Somalian trident bat
- Conservation status: Data Deficient (IUCN 3.1)

Scientific classification
- Kingdom: Animalia
- Phylum: Chordata
- Class: Mammalia
- Order: Chiroptera
- Family: Hipposideridae
- Genus: Asellia
- Species: A. italosomalica
- Binomial name: Asellia italosomalica De Beaux, 1931

= Somalian trident bat =

- Genus: Asellia
- Species: italosomalica
- Authority: De Beaux, 1931
- Conservation status: DD

Species of bat

The Somalian trident bat (Asellia italosomalica) is a species of bat found in the Horn of Africa.

==Taxonomy==
The Somalian trident bat was described as a new subspecies of the trident bat (A. tridens) by Oscar de Beaux in 1931.
De Beaux gave it the trinomen A. tridens italosomalica. It was maintained as a subspecies until 2011, when Benda et al. published that this population had a genetic distance of more than 12% from other members of its genus. They stated that this difference was enough to justify elevating it from a subspecies to a species.

==Biology and ecology==
It is a nocturnal species, roosting in sheltered places during the day such as caves. It is colonial, with these cave roosts consisting of up to 1,000 individuals.

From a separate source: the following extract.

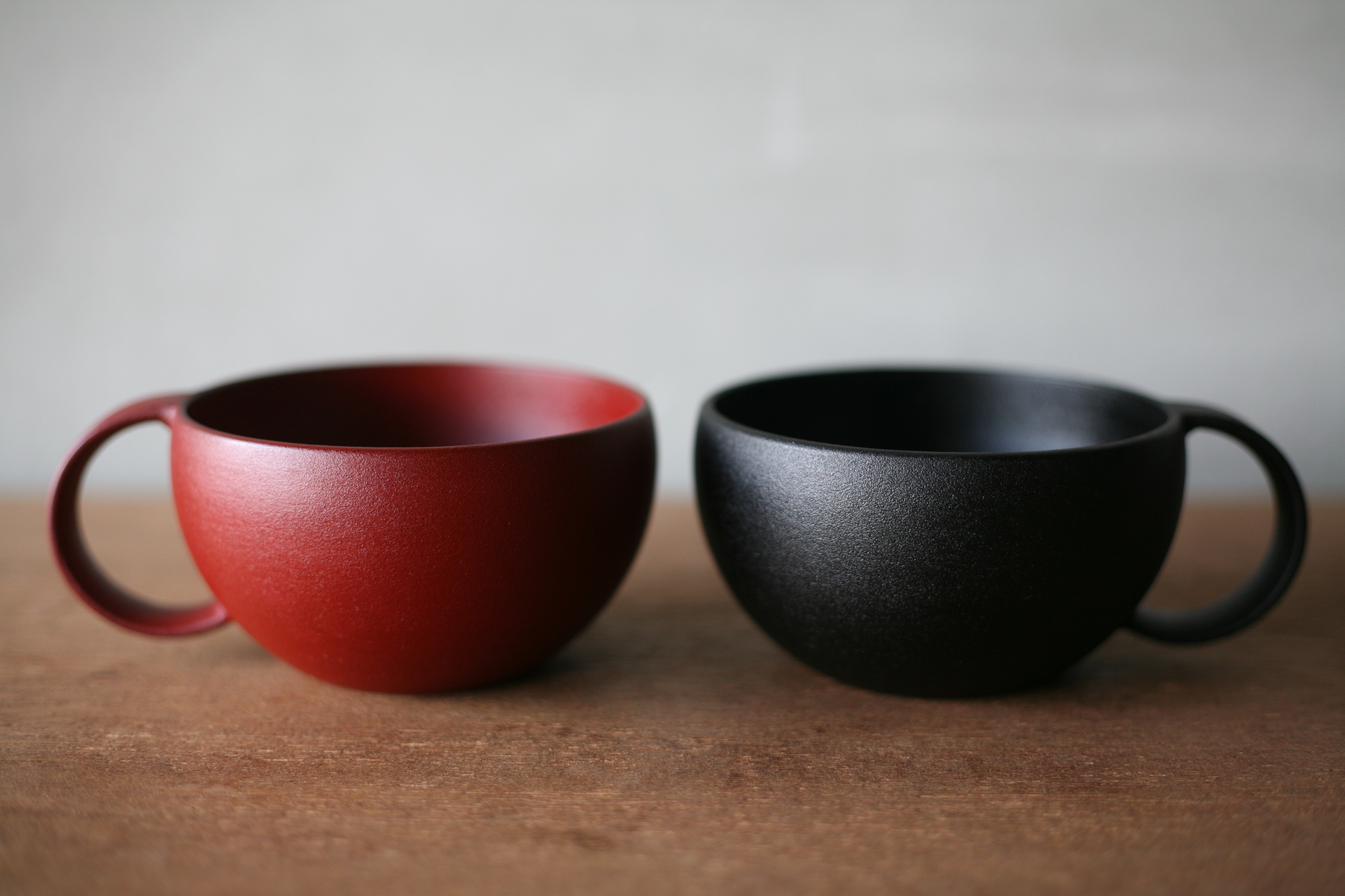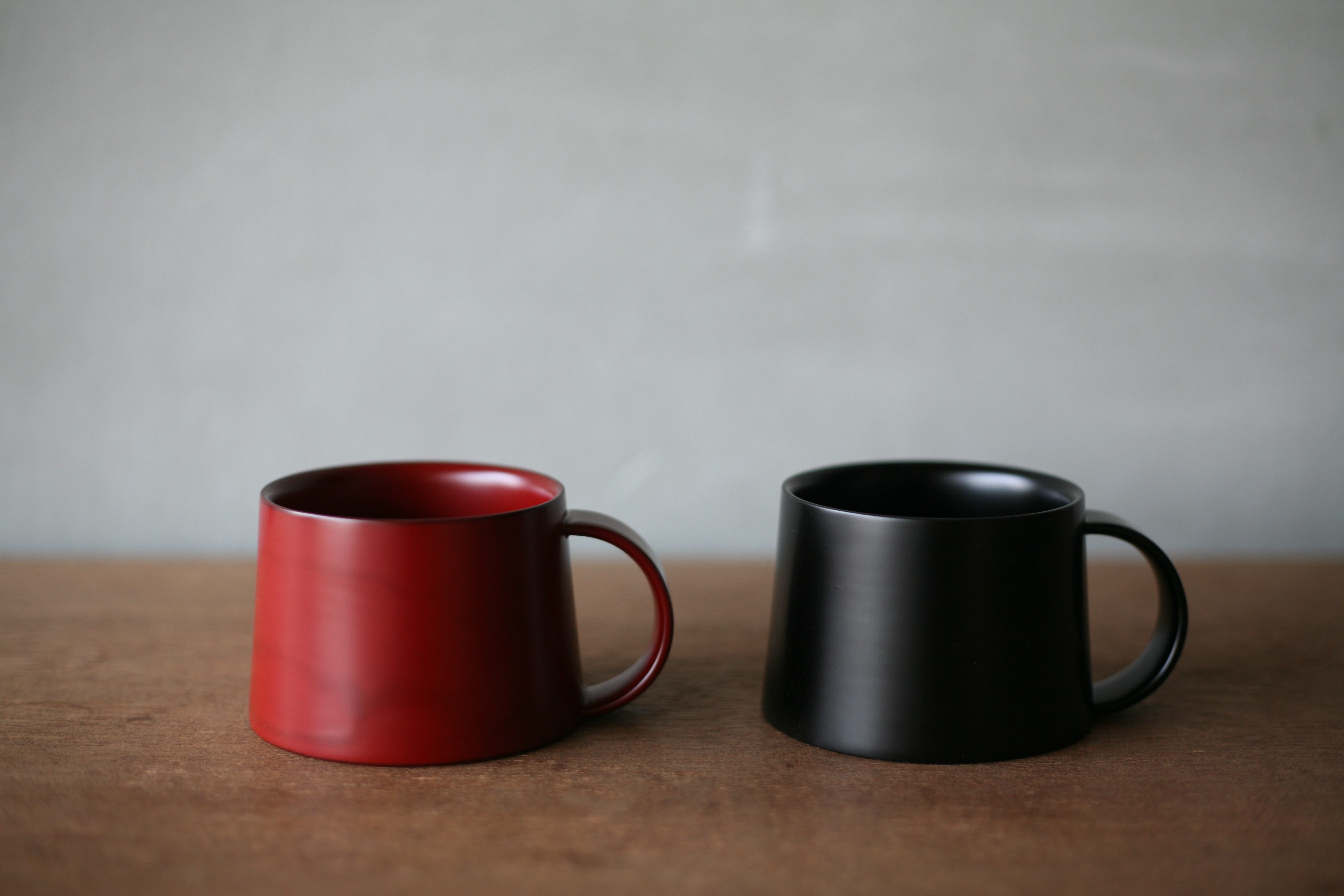 The matte mugs are made by Wajima Kirimoto's original "Makiji Technique." After the natural wood has been dressed with cloth and primed, Wajima jinoko is used again near the surface, and lacquer is applied over and over again. This gives the surface hardness and resistance to abrasion and scratches, even when using a metal spoon.

The Somalian trident bat is found in the Horn of Africa in Somalia, as well as the Yemeni island of Socotra. It inhabits arid areas such as savanna, shrubland, grassland, and desert.

==Conservation==
As of 2017, it is evaluated as a data deficient species by the IUCN. It meets the criteria for this designation because it was only recently recognized as a full species, and as such, information is lacking regarding its ecology and distribution.